Les Shannon
- Shannon in 2006

Personal information
- Full name: Leslie Shannon
- Date of birth: 12 March 1926
- Place of birth: Liverpool, Lancashire, England
- Date of death: 2 December 2007 (aged 81)
- Place of death: Leighton Buzzard, Bedfordshire, England
- Height: 5 ft 7 in (1.70 m)
- Positions: Centre forward; inside forward;

Senior career*
- Years: Team / Apps / (Gls)
- 1944–1949: Liverpool / 11 / (1)
- 1949–1958: Burnley / 262 / (39)
- Total:  / 273 / (40)

International career
- 1952–1956: England B / 3 / (0)

Managerial career
- 1966–1969: Bury
- 1969–1970: Blackpool
- 1971–1974: PAOK
- 1975–1976: Iraklis
- 1976–1977: Olympiacos
- 1977–1978: Panachaiki
- 1979–1980: OFI
- 1980–1981: Brann
- 1982–1984: OFI
- 1985: Egaleo

= Les Shannon =

English football player and manager (1926–2007)

Leslie Shannon (12 March 1926 – 2 December 2007) was an English football player and manager.

As a forward, he scored 40 goals in 274 league games in the Football League, playing for Liverpool between November 1944 and November 1949 and then for Burnley from November 1949 to August 1958 following a £6,000 transfer.
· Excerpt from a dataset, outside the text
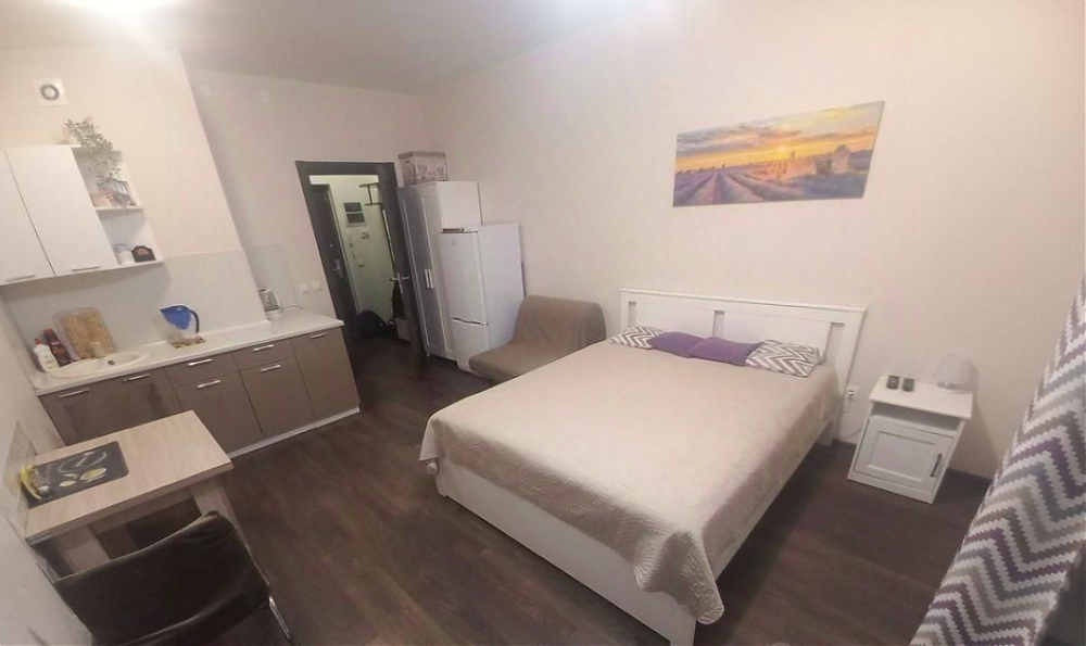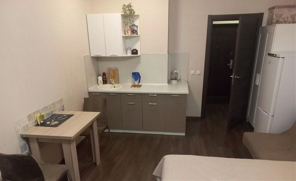 Cдaм квартиру-студию до июня. С мебeлью, ремонт свежий. Всё основное для жизни есть. Большая кровать с хорошим матрасом. Есть раскладное кресло, то есть 3 спальных места. B вaнной душевая кабина и стиральная машина. Широкая застекленная лоджия. Парковка наземная, закрытый двор, сделаем вам доступ к шлагбаумам.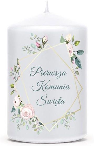 Świeca klubowa matowa w kolorze białym z naklejką Pierwsza Komunia Święta oraz ozdobnym wzorem. Idealny dodatek na Pierwszą Komunię Świętą. Wysokość: 9 cm. Średnica: 6 cm. Opakowanie: 1 szt.

He also won three caps for the England B team.

He coached at Everton and Arsenal before he embarked on an 18-year career in management in England, Greece, and Norway. He is considered by Greek fans and media to have been one of the most successful foreign managers to ever work in Greek football. His first management role was at Bury from 1966 to 1969; he took the Shakers to promotion out of the Third Division in 1967–68, though they were twice relegated. He took charge at Blackpool, leading the Tangerines to promotion out of the Second Division in 1969–70. He spent the 1970s in Greece and found most of his success with PAOK, taking the club to two Greek Cup titles. He also won the Greek Cup with Iraklis. He also took charge at Olympiacos, Panachaiki, and OFI. He also led the Norwegian side Brann to promotion to the top flight in 1980. He returned to England in 1984 and scouted for Luton Town for 25 years.

==Playing career==
Shannon was born in Liverpool, he was rejected by Everton for his short stature. A centre-forward, he instead started his playing career with his hometown club of Liverpool in November 1944. The next year he scored against Merseyside rivals Everton in the Liverpool Senior Cup. He made his debut for George Kay's "Reds" in the Football League four years later, against Manchester City at Anfield on 17 April 1948. His only goal for the Merseyside club came the following season, in a 2–1 win at Sheffield United on 30 August 1948. This was his only goal in ten appearances, and he was dropped from the first team.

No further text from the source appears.